Task objective | Output a character-exact copy of the data, images removed.

Supplied material |
··········
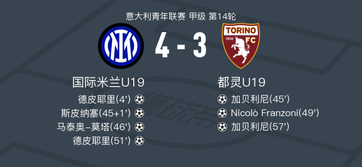 国际米兰U19 4-3都灵U19,德皮耶里双响,马泰奥-莫塔破门
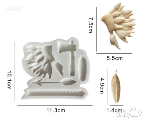 Индиански пера перо сатър брадва стрела силиконов молд форма фондан шоколад → Обява 32751496
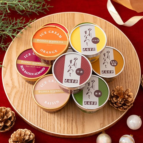 発売以来七十余年を数える花園万頭の代表銘菓「ぬれ甘なつと」をちりばめた「花園万頭」のアイスと、フルーツ専門店ならではの厳選素材を使った「銀座千疋屋」のショコラアイスを詰合せました。 程良い甘さとコク深い味わいをお楽しみください
··········
Response to this task |
 国际米兰U19 4-3都灵U19,德皮耶里双响,马泰奥-莫塔破门
 Индиански пера перо сатър брадва стрела силиконов молд форма фондан шоколад → Обява 32751496
 発売以来七十余年を数える花園万頭の代表銘菓「ぬれ甘なつと」をちりばめた「花園万頭」のアイスと、フルーツ専門店ならではの厳選素材を使った「銀座千疋屋」のショコラアイスを詰合せました。 程良い甘さとコク深い味わいをお楽しみください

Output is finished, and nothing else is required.